As an example I own a small business and want to register on the government supplier portal so I can bid for projects. This is as you can imagine a fucking awful process with 7,365 steps and bits of paperwork needed.

it’s soul destroying but Claude means I’ve completed it in less than a week with only sporadic points of input from me.

I fed all the government briefing documents and website links into Claude.
I gave it access to my Sharepoint so it can search and read all of my internal documents
I had several sessions waffling into it telling it about projects that we’ve worked on

It produced a step by step project - directly
in my project management software (Asana) outlining all of the steps I needed to complete the process. With deadline dates.

It checked my existing policies against the list I needed then with further prompts rewrote ones that weren’t quite right and wrote the couple I was missing.

It wrote complex case studies and provided template client references for me to send to clients for approval

It helped me analyse how to approach a part of the process which didn’t really fit our industry and wrote the relevant supporting documentation to explain.

But most importantly it is literally like having someone else in charge of the process. Every couple of days I return to the task and say ‘remind me where we are with this and what still needs doing’ or ‘add my actions from this chat into the asana task’ and it does.

It’s really helping with the level of executive function needed to coordinate such a big project and THAT is the bit that’s invaluable. I’ve been in business for 5 years and this is the only time I’ve ever been able to face doing this!!

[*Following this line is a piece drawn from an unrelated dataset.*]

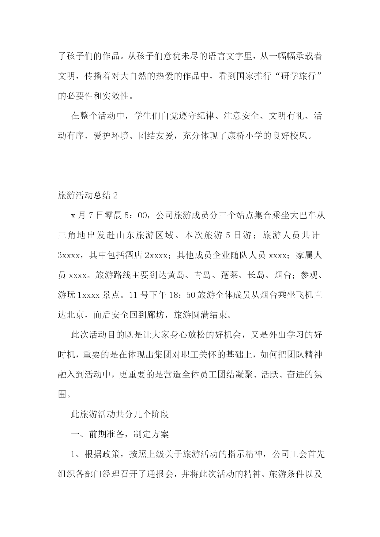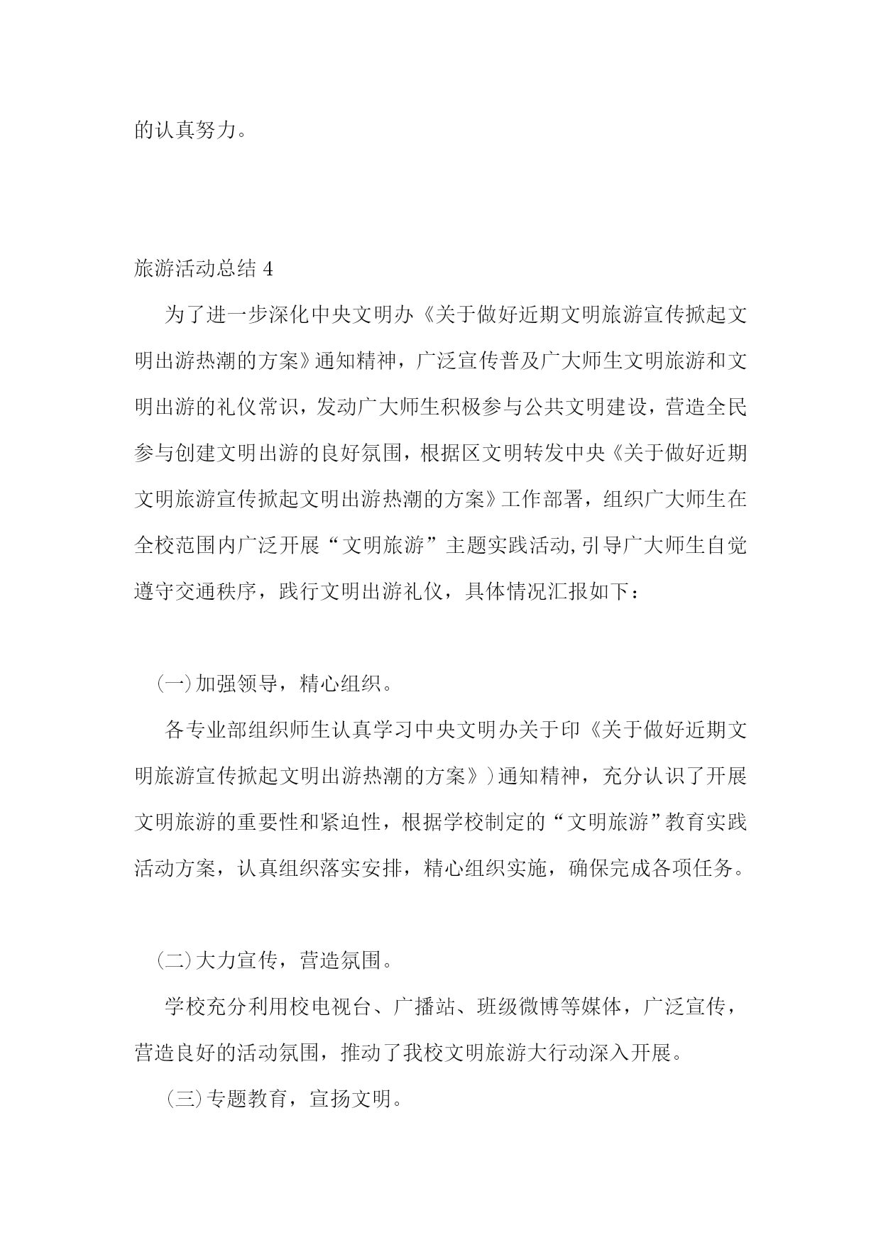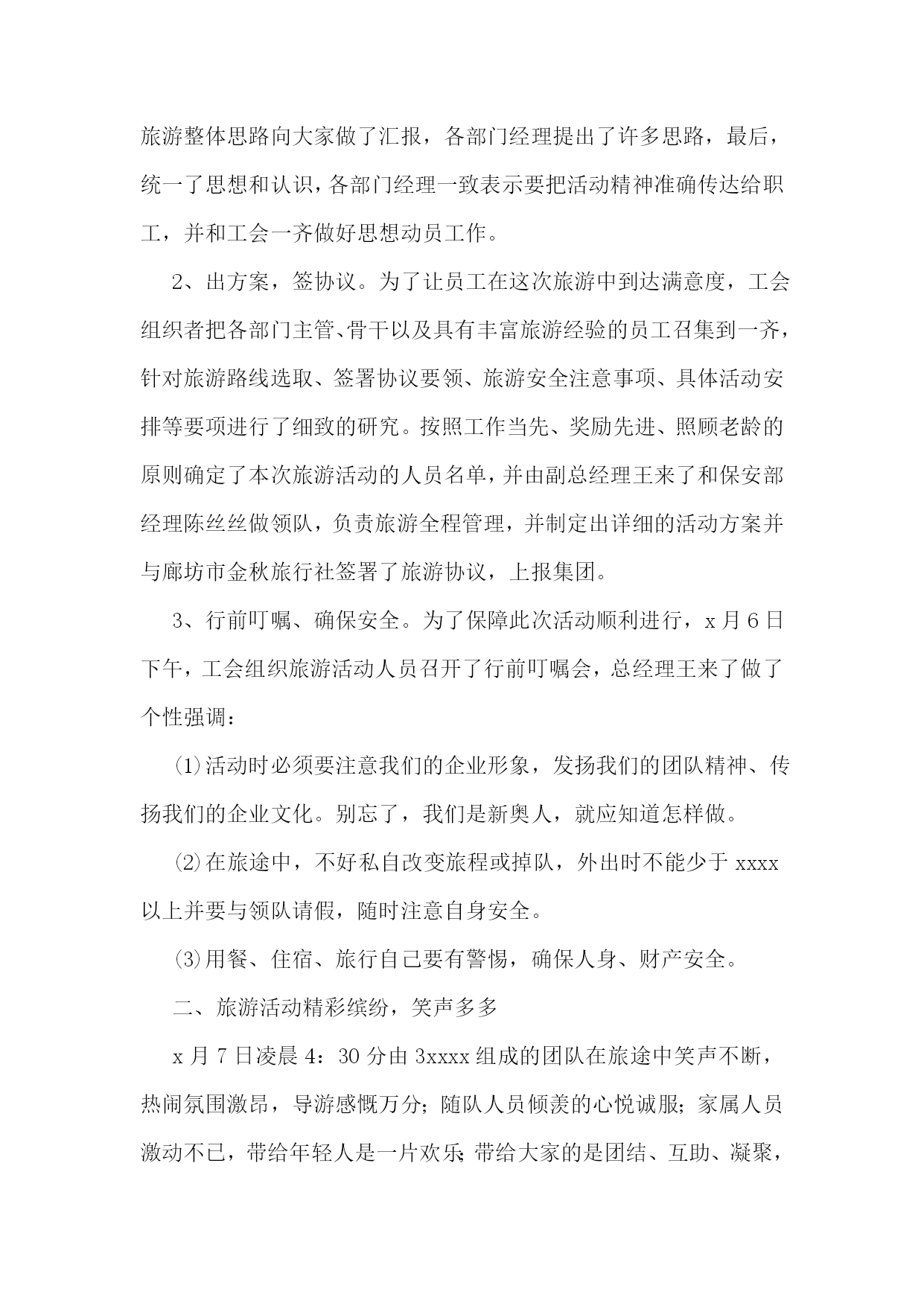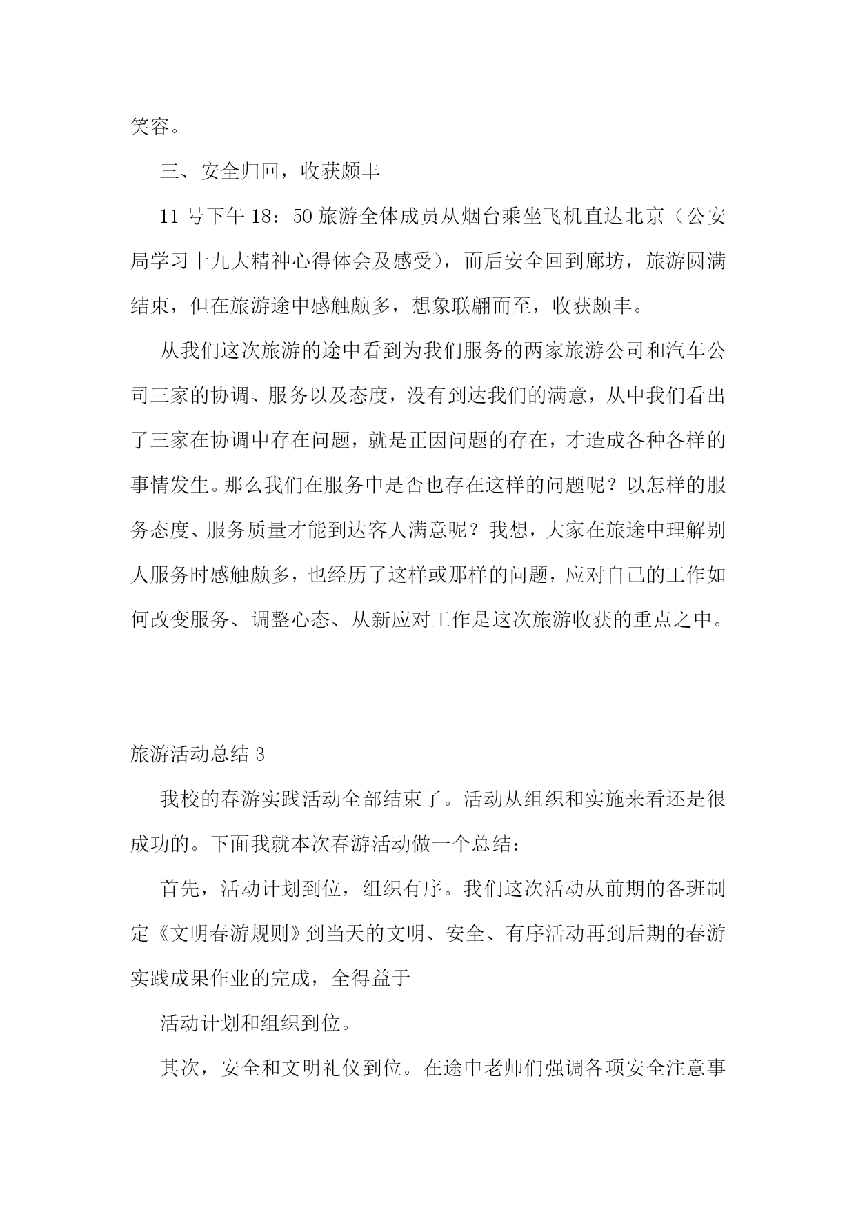 旅游活动总结旅游活动总结1春天是一年中最美的季节,也是踏青的大好时节。4月10日,我校组织三至六年级学生开展了研学旅行活动。活动从组织到实施,计划到位,组织有序,加强安全,注重礼仪,配合密切。本次活动以“走进秦岭憧憬梦想”为主题,通过本次活动,让学生走出课堂,走进社会,丰富了学生的课余生活,拓展学生的知识面,进一步感受大自然之美。培养学生热爱家乡、热爱祖国、热爱大自然的情感。出发前,学校主管领导召开会议就研学旅行活动做了周密的安排,重点强调了活动中的安全、文明礼仪等,并提出了要求。我随后,对本班这次活动做了详细安排:告知家长、安全及礼仪教育、学生自主分组并推选出安全员、安排学生做出行准备。活动地点是秦岭野生动物园,首先组织学生有序坐车,到达目的地,以班为单位组织开展了丰富多彩的参观活动。工作人员热情地接待、详细地介绍,给小学生们上了一堂生动的知识课。孩子们在讲解员的引领下,带着极大的好奇,兴致勃勃的参观了野生动物区、动物博物馆、动物表演、海洋馆,孩子们用手中的相机和纸笔记录着他们所追寻的,从他们可爱的笑脸上可以看到他们的收获和喜悦。通过这次参观活动,不仅丰富了同学们的动物知识,还激发了他们浓厚的求知欲望。参观结束后,学生们恋恋不舍的离开了秦岭野生动物园。4月21日对学生的优秀作品进行了评比展览,并及时给学校上交了孩子们的作品。从孩子们意犹未尽的语言文字里,从一幅幅承载着文明,传播着对大自然的热爱的作品中,看到国家推行“研学旅行”的必要性和实效性。在整个活动中,学生们自觉遵守纪律、注意安全、文明有礼、活动有序、爱护环境、团结友爱,充分体现了康桥小学的良好校风。旅游活动总结2x月7日零晨5:00,公司旅游成员分三个站点集合乘坐大巴车从三角地出发赴山东旅游区域。本次旅游5日游;旅游人员共计3xxxx,其中包括酒店2xxxx;其他成员企业随队人员xxxx;家属人员xxxx。旅游路线主要到达黄岛、青岛、蓬莱、长岛、烟台;参观、游玩1xxxx景点。11号下午18:50旅游全体成员从烟台乘坐飞机直达北京,而后安全回到廊坊,旅游圆满结束。此次活动目的既是让大家身心放松的好机会,又是外出学习的好时机,重要的是在体现出集团对职工关怀的基础上,如何把团队精神融入到活动中,更重要的是营造全体员工团结凝聚、活跃、奋进的氛围。此旅游活动共分几个阶段一、前期准备,制定方案1、根据政策,按照上级关于旅游活动的指示精神,公司工会首先组织各部门经理召开了通报会,并将此次活动的精神、旅游条件以及旅游整体思路向大家做了汇报,各部门经理提出了许多思路,最后,统一了思想和认识,各部门经理一致表示要把活动精神准确传达给职工,并和工会一齐做好思想动员工作。2、出方案,签协议。为了让员工在这次旅游中到达满意度,工会组织者把各部门主管、骨干以及具有丰富旅游经验的员工召集到一齐,针对旅游路线选取、签署协议要领、旅游安全注意事项、具体活动安排等要项进行了细致的研究。按照工作当先、奖励先进、照顾老龄的原则确定了本次旅游活动的人员名单,并由副总经理王来了和保安部经理陈丝丝做领队,负责旅游全程管理,并制定出详细的活动方案并与廊坊市金秋旅行社签署了旅游协议,上报集团。3、行前叮嘱、确保安全。为了保障此次活动顺利进行,x月6日下午,工会组织旅游活动人员召开了行前叮嘱会,总经理王来了做了个性强调:(1)活动时必须要注意我们的企业形象,发扬我们的团队精神、传扬我们的企业文化。别忘了,我们是新奥人,就应知道怎样做。(2)在旅途中,不好私自改变旅程或掉队,外出时不能少于xxxx以上并要与领队请假,随时注意自身安全。(3)用餐、住宿、旅行自己要有警惕,确保人身、财产安全。二、旅游活动精彩缤纷,笑声多多x月7日凌晨4:30分由3xxxx组成的团队在旅途中笑声不断,热闹氛围激昂,导游感慨万分;随队人员倾羡的心悦诚服;家属人员激动不已,带给年轻人是一片欢乐;带给大家的是团结、互助、凝聚,营造了有青春、活力的氛围。更多的则是各种各样的收获,体现的则是酒店良好的团队精神。曾现出几多笑声:笑声一:拉歌对唱、结成语x月7日,天边刚刚放亮,旅行队伍便浩浩荡荡出发了。8:30分,领队的笑话撩拨起了大家的兴致,于是,按耐不住寂寞的年轻人便争先恐后的拉歌对唱起来。王总经理提议:以车中段为分界线,分左队与右队两组进行对歌、结成语,首先全体成员起立合唱新奥之歌,激烈的对歌比赛便开始了。左队,来一个;来一个,左队。右队,来一个;来一个,右队……,顿时,高呼声、洪亮的歌声、掌声不断,笑话、歌唱、戏曲、故事、对歌、结成语等载体不一,热闹非凡,激情澎湃,整个车厢成了欢乐的海洋。还别说,五音不全的领队陈丝丝这天还成了内秀儿,发音挺准。随队导游对我们队伍激情氛围所感染,本不高兴的她不由自主参

It also saves all the documents it’s creating directly into the Sharepoint folder.

HEC2746 · 11/06/2026 08:10

As others have said, the fact that you think it can be “wrong”, “lying” or ask it to “correct itself” shows you have no understanding of how it works and people using AI without understanding what it is and how it works is the biggest risk, not the AI itself.

Dandelionsalad · 11/06/2026 12:49

HEC2746 · 11/06/2026 08:10

As others have said, the fact that you think it can be “wrong”, “lying” or ask it to “correct itself” shows you have no understanding of how it works and people using AI without understanding what it is and how it works is the biggest risk, not the AI itself.

It can be wrong though. It may arrive at that position though anslysing stuff it has access to but it is still wrong!